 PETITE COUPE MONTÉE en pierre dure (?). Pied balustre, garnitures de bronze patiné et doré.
--
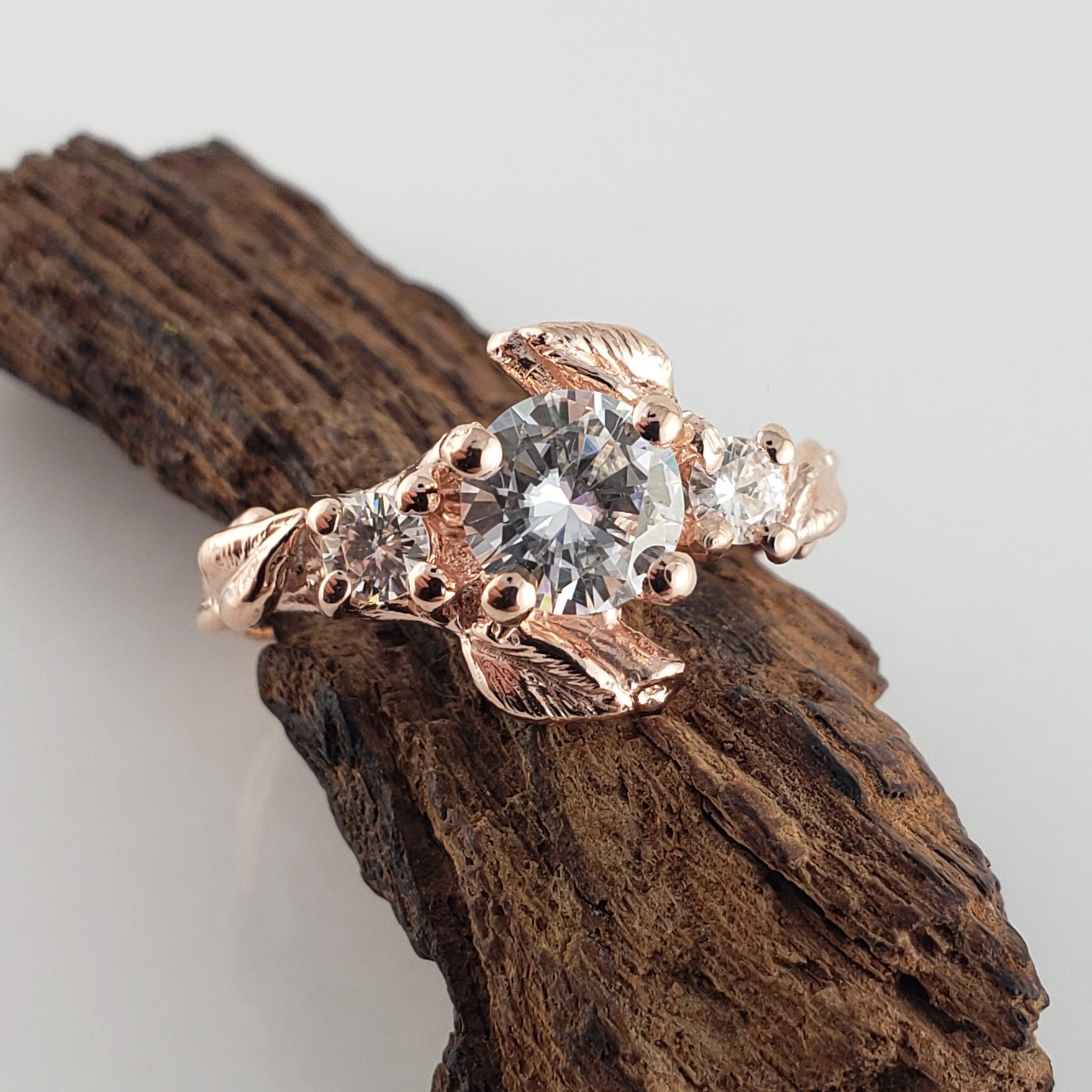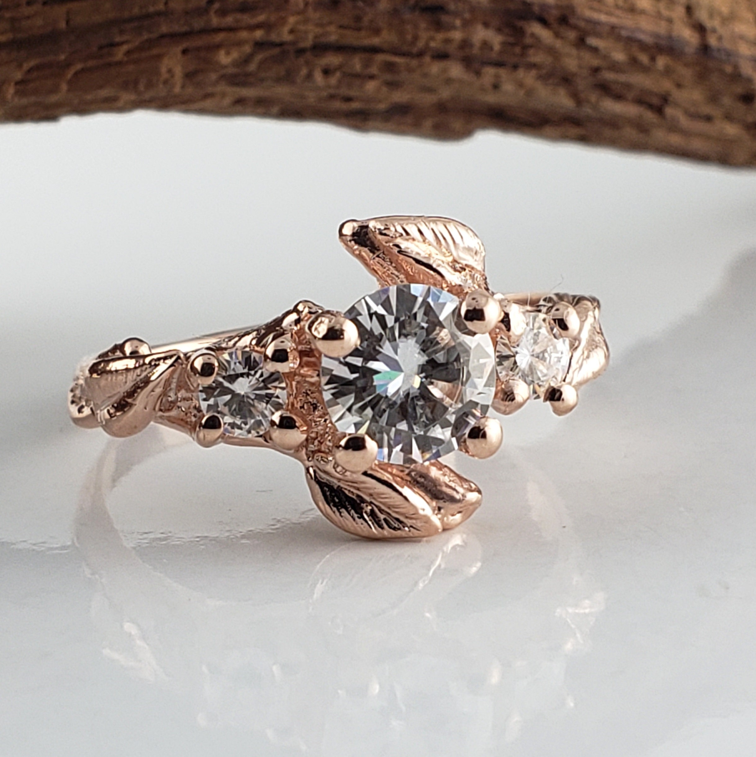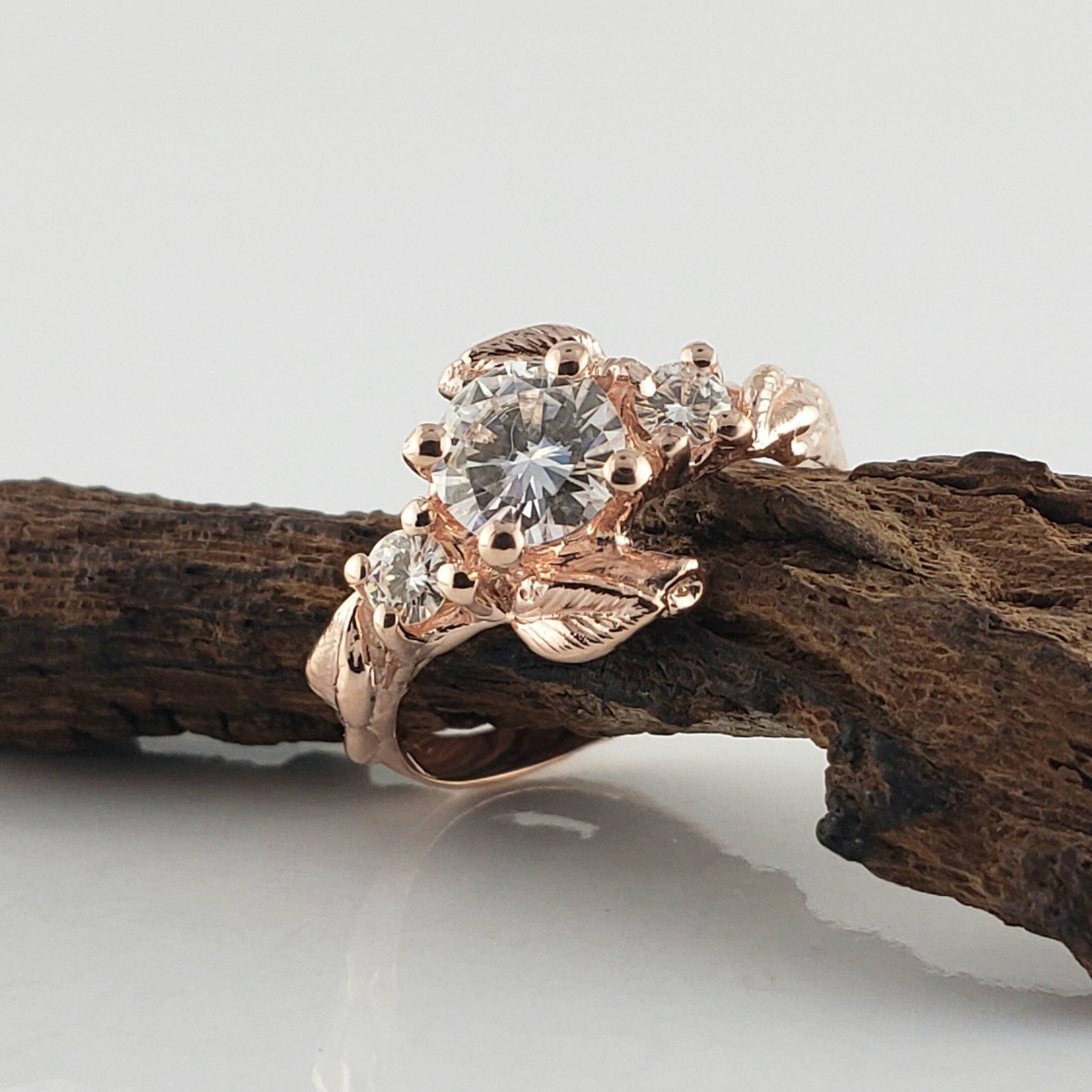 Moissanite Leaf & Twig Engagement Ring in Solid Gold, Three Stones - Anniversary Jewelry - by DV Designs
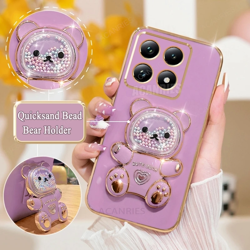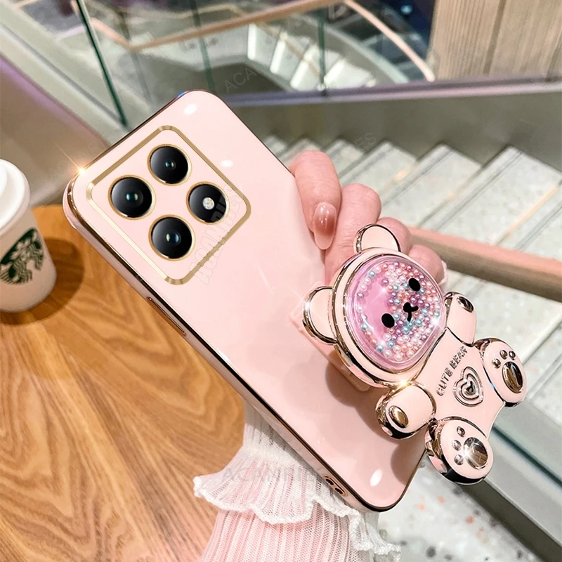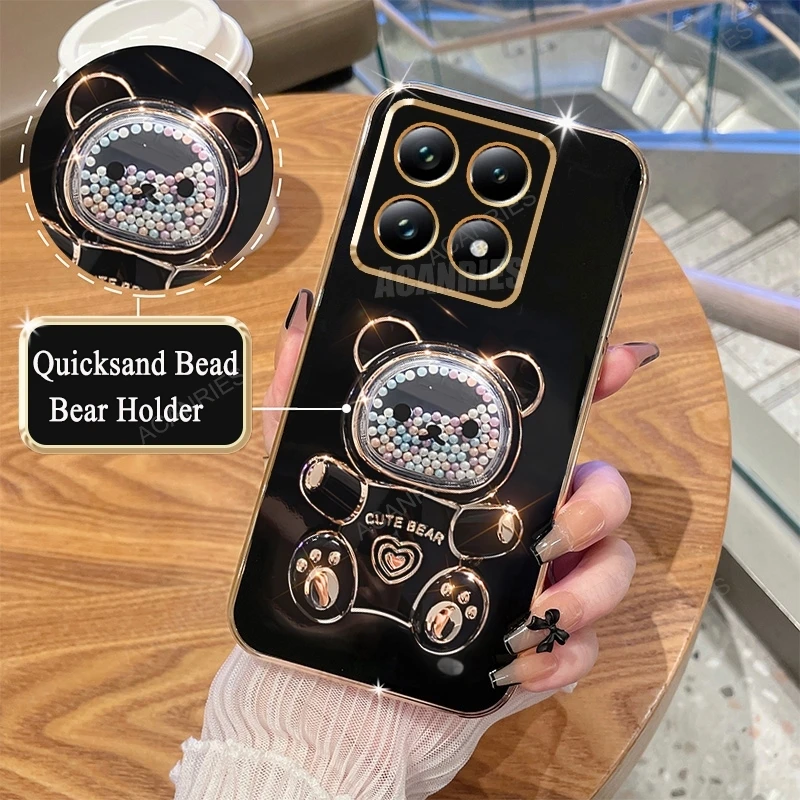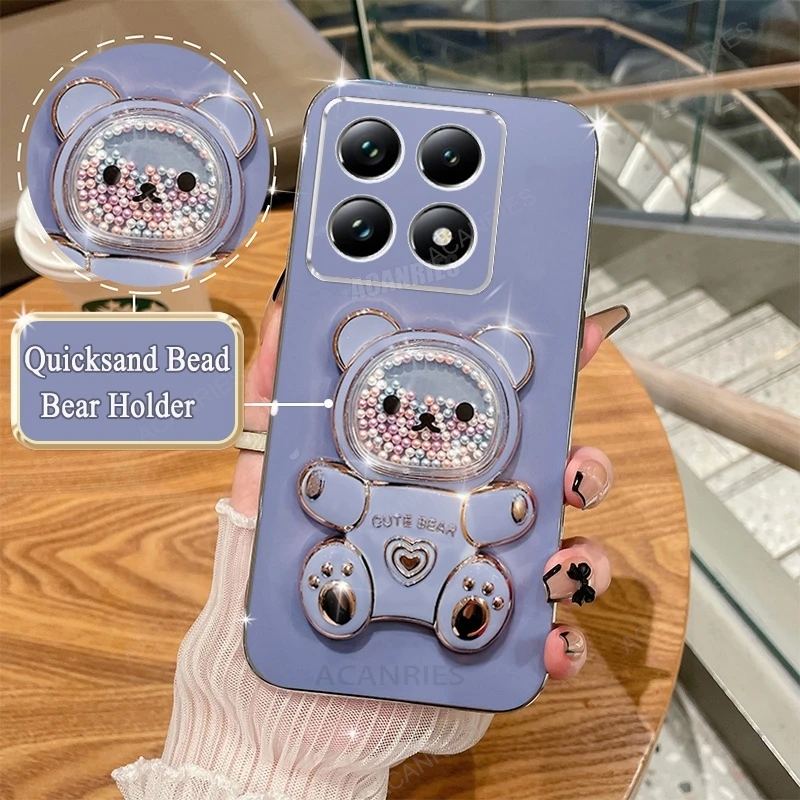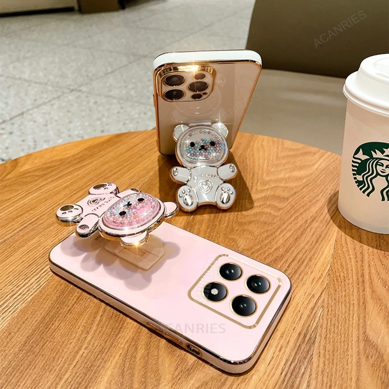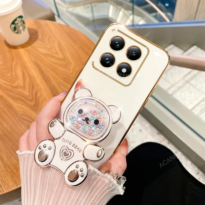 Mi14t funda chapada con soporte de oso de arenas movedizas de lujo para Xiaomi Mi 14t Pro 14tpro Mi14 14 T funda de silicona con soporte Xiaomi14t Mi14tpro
...
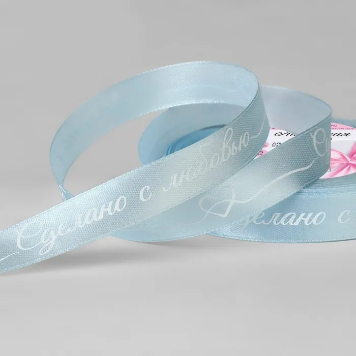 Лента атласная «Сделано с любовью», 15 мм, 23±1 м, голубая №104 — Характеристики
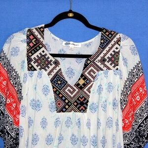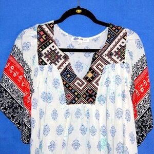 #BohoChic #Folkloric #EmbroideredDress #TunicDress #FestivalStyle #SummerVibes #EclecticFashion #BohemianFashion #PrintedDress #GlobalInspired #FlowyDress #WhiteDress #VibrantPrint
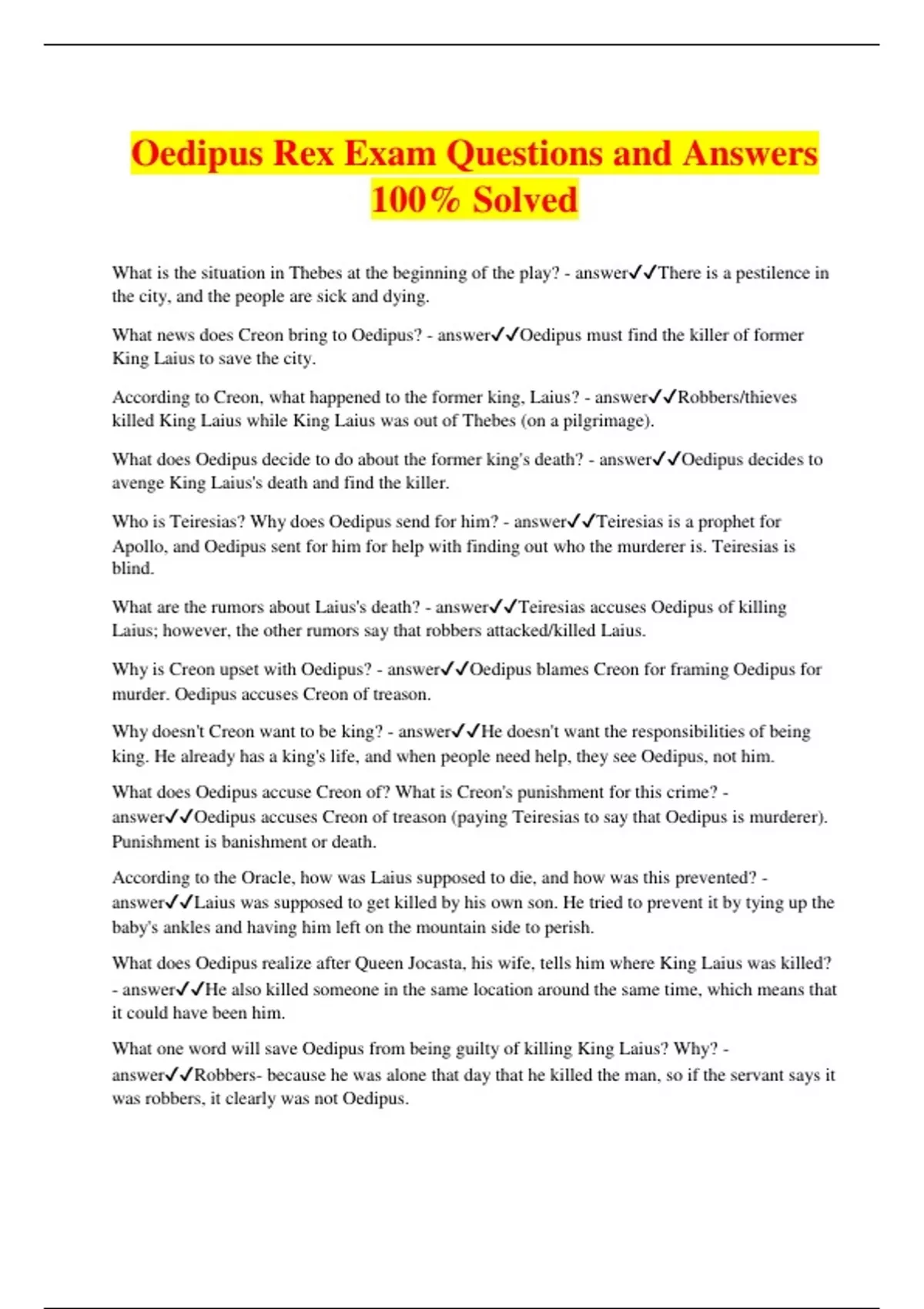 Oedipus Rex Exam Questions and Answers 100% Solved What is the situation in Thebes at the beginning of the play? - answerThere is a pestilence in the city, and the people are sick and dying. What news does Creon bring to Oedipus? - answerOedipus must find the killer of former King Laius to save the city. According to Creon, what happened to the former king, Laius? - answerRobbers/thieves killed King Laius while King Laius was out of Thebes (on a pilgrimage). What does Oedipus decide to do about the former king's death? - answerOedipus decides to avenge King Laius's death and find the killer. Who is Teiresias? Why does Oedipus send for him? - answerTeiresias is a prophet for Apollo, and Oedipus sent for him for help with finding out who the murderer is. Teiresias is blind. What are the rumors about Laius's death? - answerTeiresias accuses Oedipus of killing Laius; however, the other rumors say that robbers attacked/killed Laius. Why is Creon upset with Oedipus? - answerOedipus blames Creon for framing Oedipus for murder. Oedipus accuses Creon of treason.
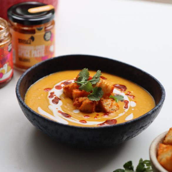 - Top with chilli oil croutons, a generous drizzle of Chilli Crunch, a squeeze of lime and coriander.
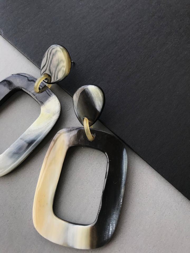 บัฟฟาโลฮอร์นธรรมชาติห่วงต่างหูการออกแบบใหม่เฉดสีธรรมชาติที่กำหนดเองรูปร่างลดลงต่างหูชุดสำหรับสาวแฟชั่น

TASK BRIEF »
Please output the lines above beginning at the line with "голубая №104 — Характеристики" and ending after the line with "#BohoChic #Folkloric #EmbroideredDress", precisely as written and with no pictures.

EXERCISE RESPONSE »
 Лента атласная «Сделано с любовью», 15 мм, 23±1 м, голубая №104 — Характеристики
 #BohoChic #Folkloric #EmbroideredDress #TunicDress #FestivalStyle #SummerVibes #EclecticFashion #BohemianFashion #PrintedDress #GlobalInspired #FlowyDress #WhiteDress #VibrantPrint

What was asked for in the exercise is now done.